▸ Recorded data:
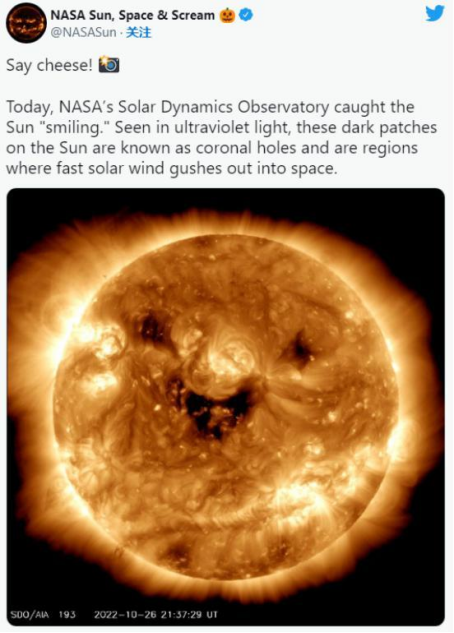 据NASA拍摄的图像显示,太阳大气中出现三处清晰的黑点,就像一对圆圆的眼睛和一个上扬的嘴角。这些斑点其实是位于日冕层的日冕洞,也就是太阳最外层大气的一些区域,太阳风经由这些区域进入太空。
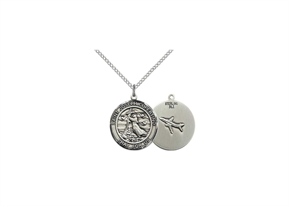 The Round Rhodium Plated medal has an image of St. Joseph on the front with the words "St. Joseph of Cupertino Pray For Us" around the border
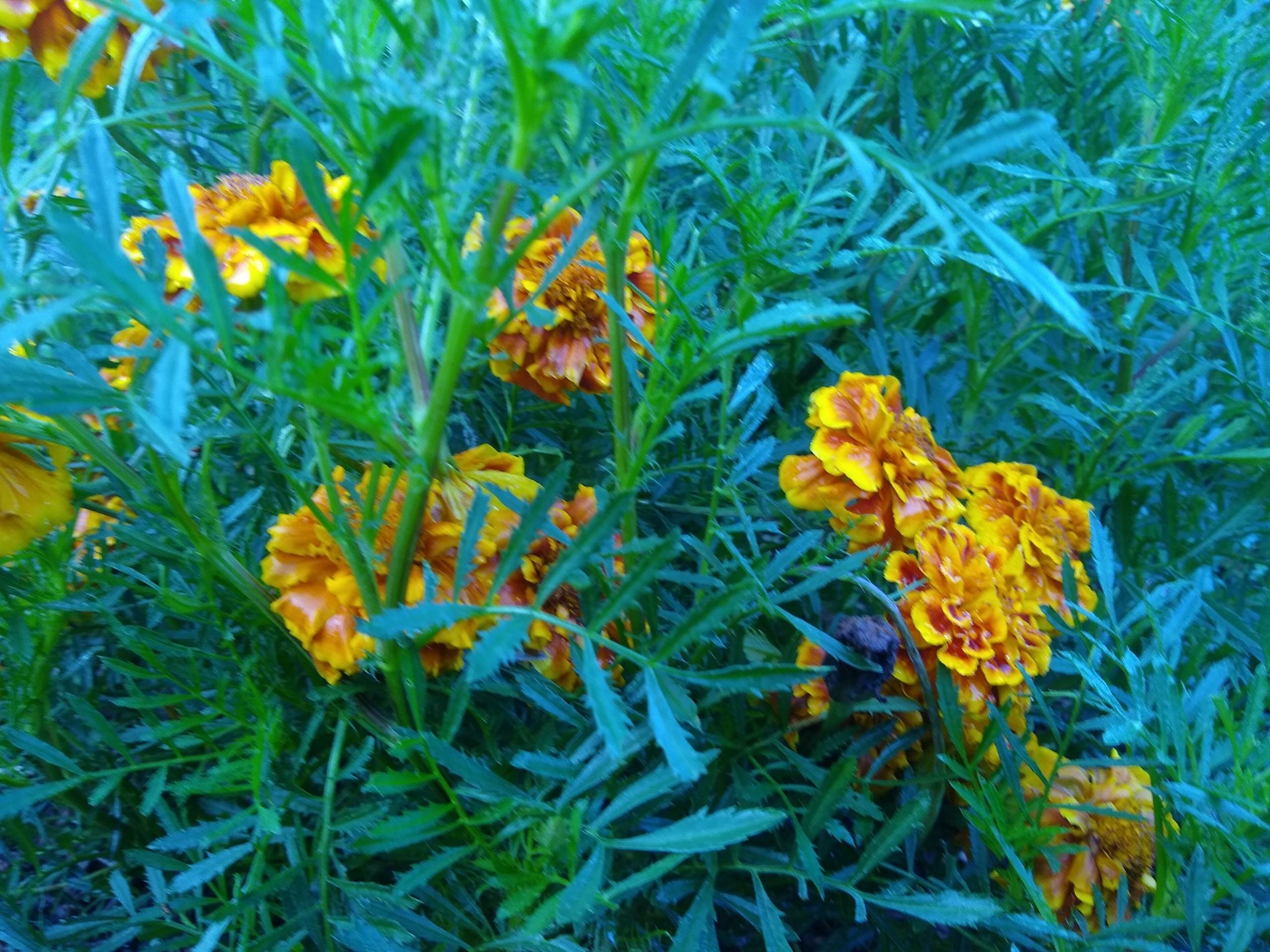 The garden is still beautiful, even in the middle of summer. This year it has been the fullest occupation of my days, and i have taken care to pull out the dead and dying plants and replant things that love late summer – okra, eggplant, sesame, basil, hot peppers, Seminole squash, cow peas, marigolds, celosia, zinnias, tithonia, and orange cosmos.

▸ What you will do: Reproduce, word for word, everything in the listing above except the pictures.

▸ Result of the exercise:
 据NASA拍摄的图像显示,太阳大气中出现三处清晰的黑点,就像一对圆圆的眼睛和一个上扬的嘴角。这些斑点其实是位于日冕层的日冕洞,也就是太阳最外层大气的一些区域,太阳风经由这些区域进入太空。
 The Round Rhodium Plated medal has an image of St. Joseph on the front with the words "St. Joseph of Cupertino Pray For Us" around the border
 The garden is still beautiful, even in the middle of summer. This year it has been the fullest occupation of my days, and i have taken care to pull out the dead and dying plants and replant things that love late summer – okra, eggplant, sesame, basil, hot peppers, Seminole squash, cow peas, marigolds, celosia, zinnias, tithonia, and orange cosmos.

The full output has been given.